● Listed records:
━━━━
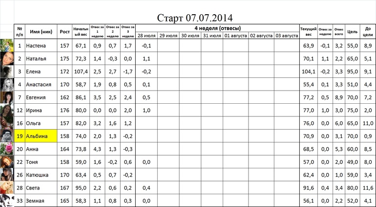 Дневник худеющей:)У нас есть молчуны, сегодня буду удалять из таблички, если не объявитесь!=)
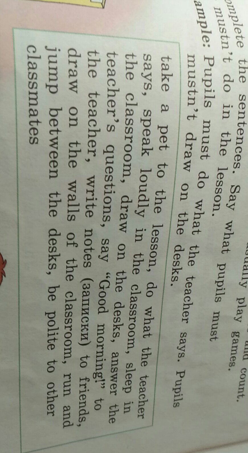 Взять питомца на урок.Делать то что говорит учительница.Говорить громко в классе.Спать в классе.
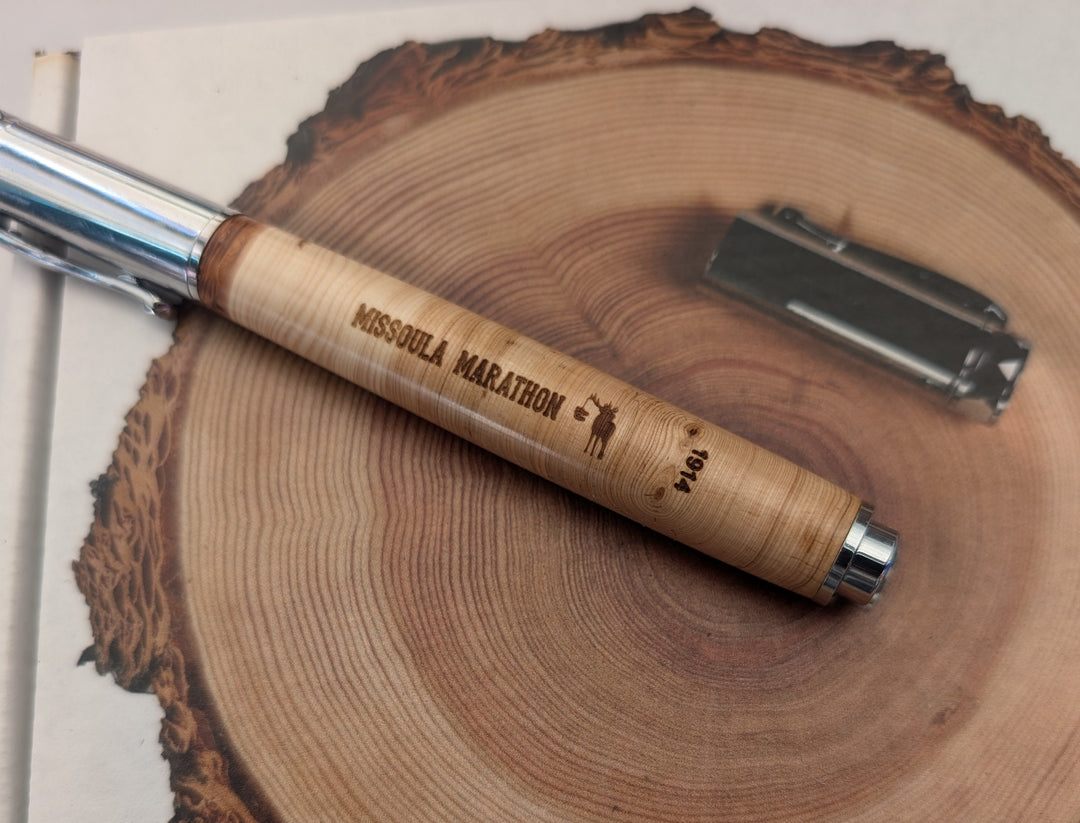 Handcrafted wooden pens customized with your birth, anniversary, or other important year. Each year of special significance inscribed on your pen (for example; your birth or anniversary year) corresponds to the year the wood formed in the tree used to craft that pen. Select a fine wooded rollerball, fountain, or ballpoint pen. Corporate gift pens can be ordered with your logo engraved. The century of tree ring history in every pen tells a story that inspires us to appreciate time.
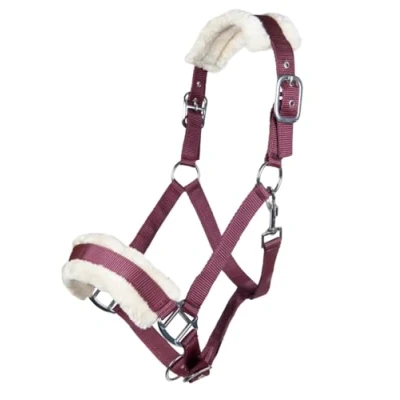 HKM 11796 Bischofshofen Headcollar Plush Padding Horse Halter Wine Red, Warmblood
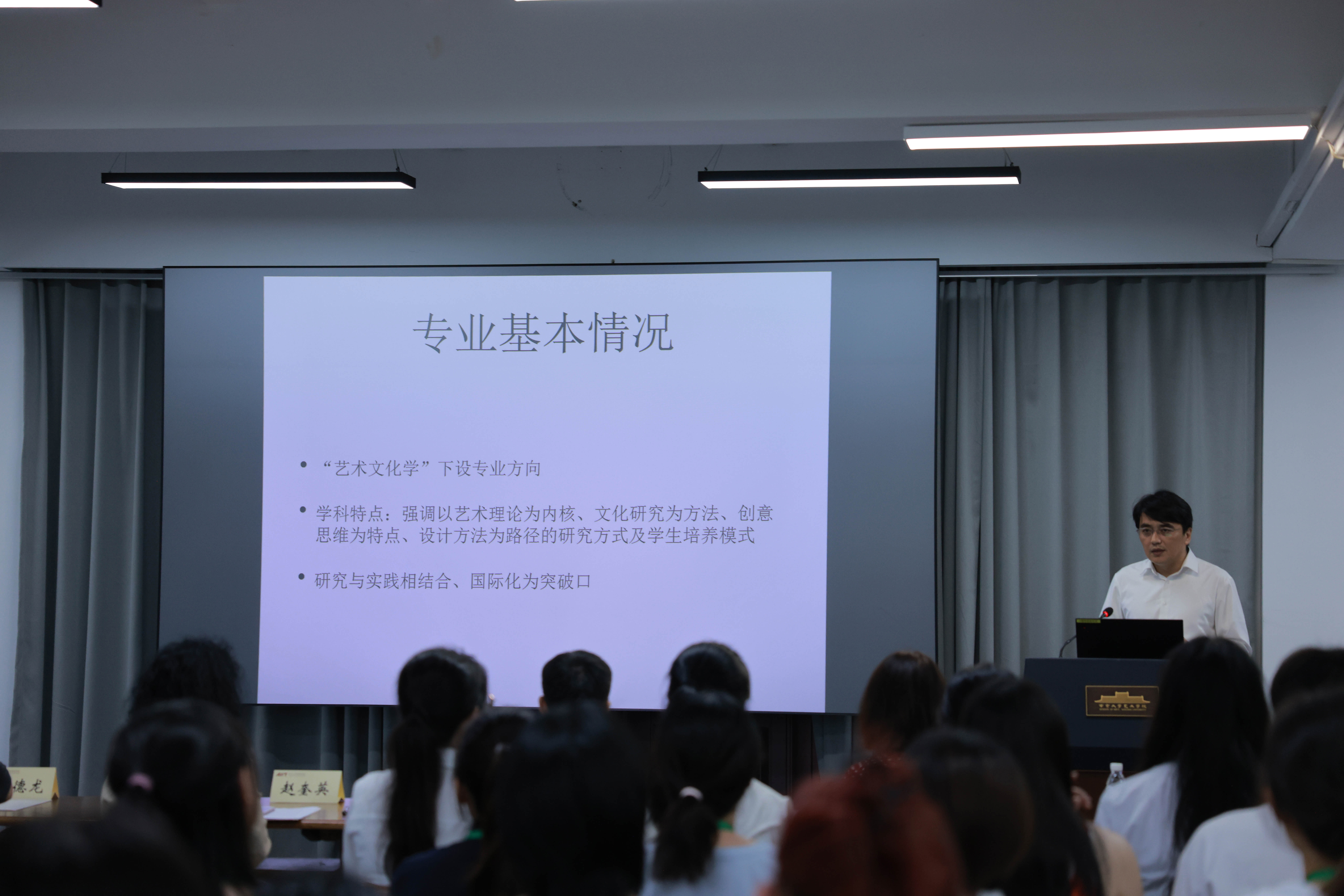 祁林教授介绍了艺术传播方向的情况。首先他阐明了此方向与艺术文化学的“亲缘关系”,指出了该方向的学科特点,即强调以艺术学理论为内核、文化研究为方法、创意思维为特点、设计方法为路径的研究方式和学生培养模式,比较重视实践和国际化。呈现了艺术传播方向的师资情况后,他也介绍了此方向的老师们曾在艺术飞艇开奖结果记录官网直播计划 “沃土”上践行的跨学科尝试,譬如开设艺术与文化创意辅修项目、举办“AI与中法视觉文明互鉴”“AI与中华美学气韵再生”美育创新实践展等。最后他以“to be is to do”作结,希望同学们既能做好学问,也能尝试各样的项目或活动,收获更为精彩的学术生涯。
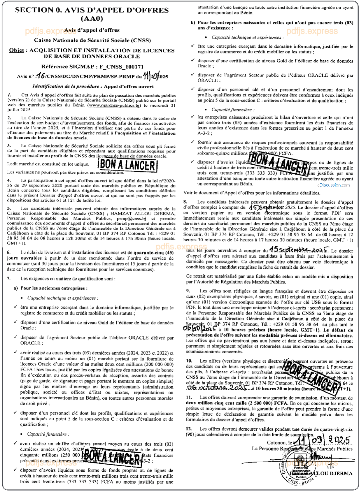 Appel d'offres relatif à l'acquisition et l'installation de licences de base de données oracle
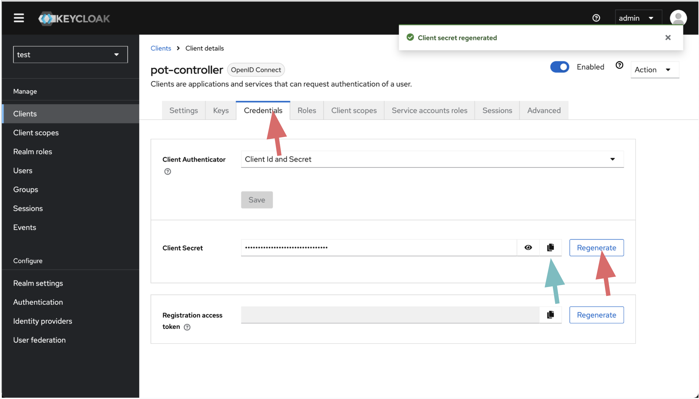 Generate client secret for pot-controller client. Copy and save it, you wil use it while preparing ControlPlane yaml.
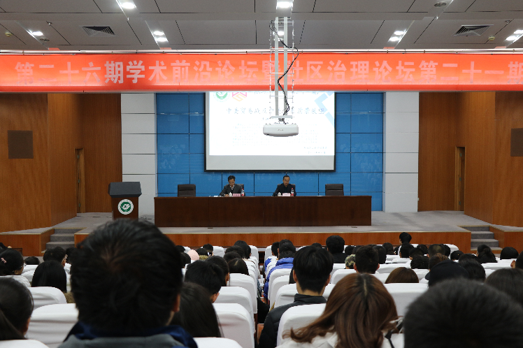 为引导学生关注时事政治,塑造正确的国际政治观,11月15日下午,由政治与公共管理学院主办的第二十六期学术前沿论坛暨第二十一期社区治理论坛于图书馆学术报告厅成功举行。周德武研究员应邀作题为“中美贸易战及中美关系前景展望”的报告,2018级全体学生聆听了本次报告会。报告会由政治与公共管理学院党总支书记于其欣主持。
━━━━
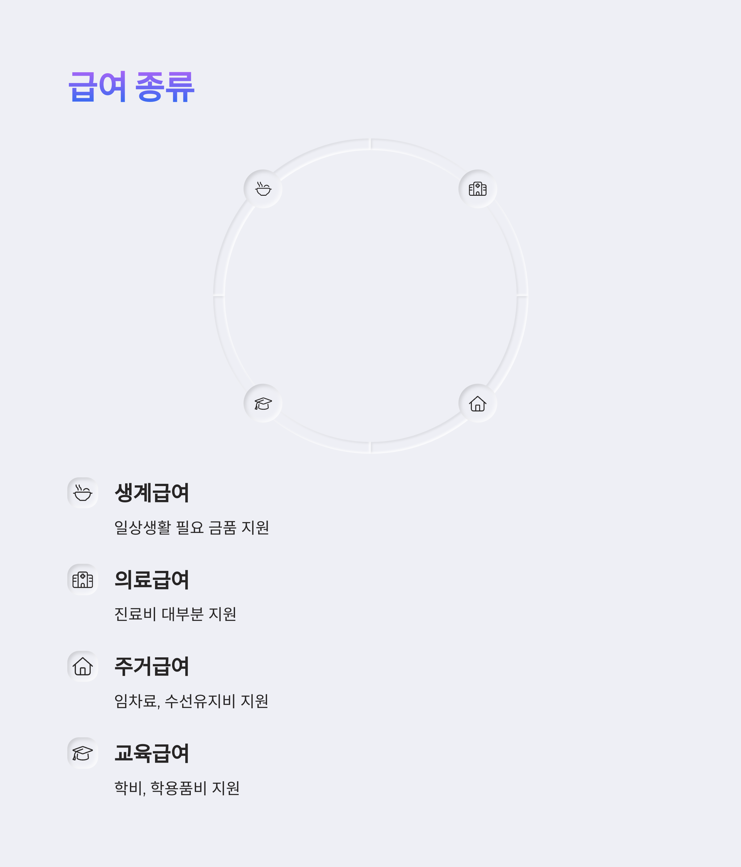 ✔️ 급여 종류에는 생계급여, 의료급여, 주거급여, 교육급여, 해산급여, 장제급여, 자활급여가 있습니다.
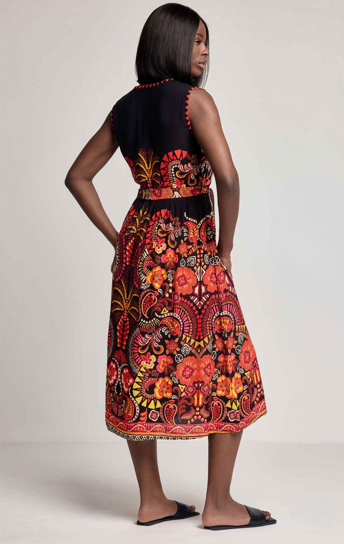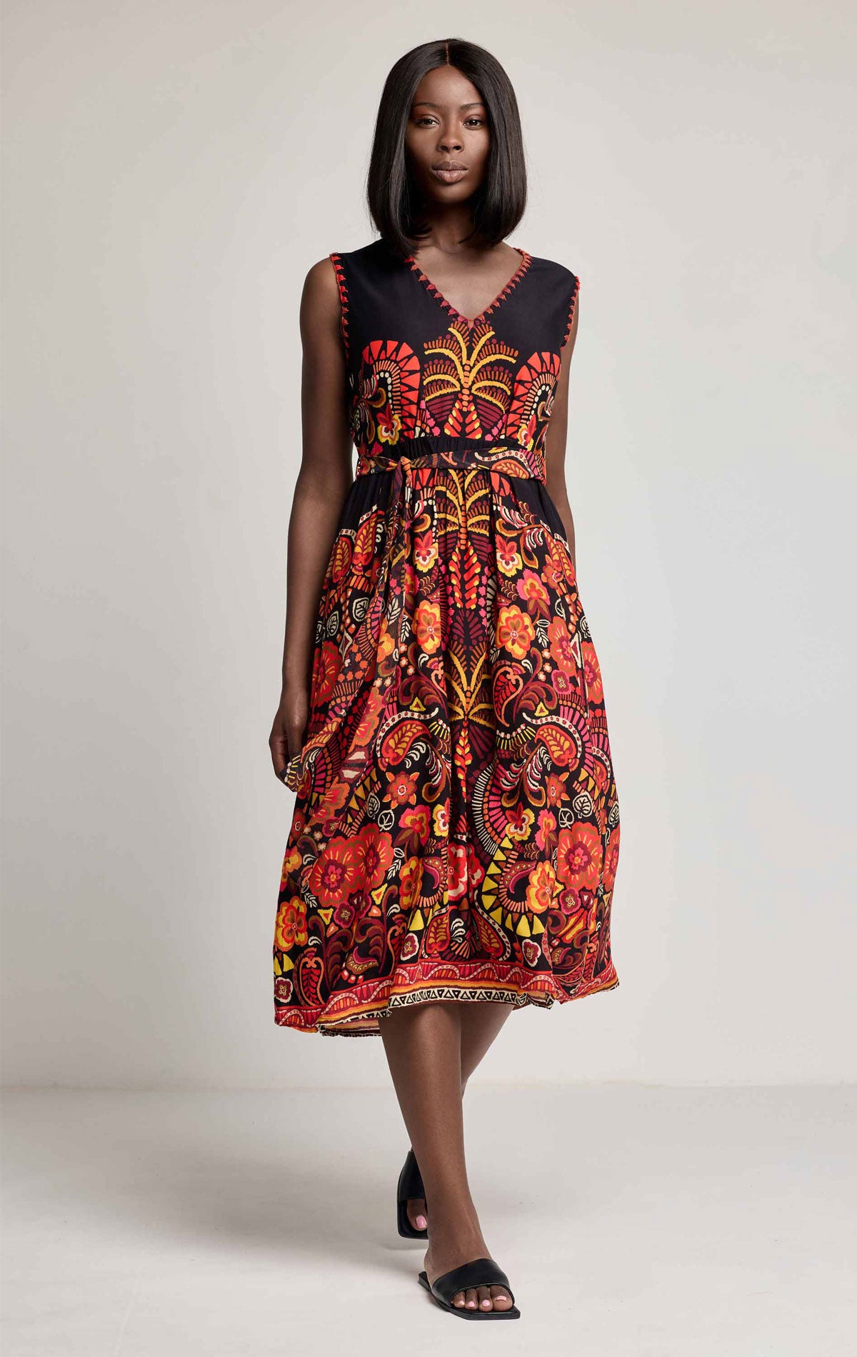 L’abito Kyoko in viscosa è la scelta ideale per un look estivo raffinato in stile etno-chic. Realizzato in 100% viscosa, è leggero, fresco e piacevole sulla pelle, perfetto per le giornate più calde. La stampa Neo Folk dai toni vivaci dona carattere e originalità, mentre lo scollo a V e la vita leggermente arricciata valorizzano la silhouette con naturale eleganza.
━━━━
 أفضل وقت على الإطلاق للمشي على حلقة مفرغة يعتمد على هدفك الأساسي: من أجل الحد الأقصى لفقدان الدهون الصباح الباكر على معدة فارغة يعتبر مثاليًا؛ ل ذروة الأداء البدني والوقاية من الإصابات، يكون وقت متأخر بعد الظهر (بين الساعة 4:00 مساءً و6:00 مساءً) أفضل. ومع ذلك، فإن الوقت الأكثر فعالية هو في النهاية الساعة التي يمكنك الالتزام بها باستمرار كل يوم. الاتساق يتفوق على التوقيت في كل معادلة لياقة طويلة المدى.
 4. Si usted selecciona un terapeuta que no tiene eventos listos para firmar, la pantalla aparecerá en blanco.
━━━━
Leaving out all pictures, set down exactly the lines of the material above, from the line with "Appel d'offres relatif" to the line with "为引导学生关注时事政治,塑造" inclusive, and no others.

 Appel d'offres relatif à l'acquisition et l'installation de licences de base de données oracle
 Generate client secret for pot-controller client. Copy and save it, you wil use it while preparing ControlPlane yaml.
 为引导学生关注时事政治,塑造正确的国际政治观,11月15日下午,由政治与公共管理学院主办的第二十六期学术前沿论坛暨第二十一期社区治理论坛于图书馆学术报告厅成功举行。周德武研究员应邀作题为“中美贸易战及中美关系前景展望”的报告,2018级全体学生聆听了本次报告会。报告会由政治与公共管理学院党总支书记于其欣主持。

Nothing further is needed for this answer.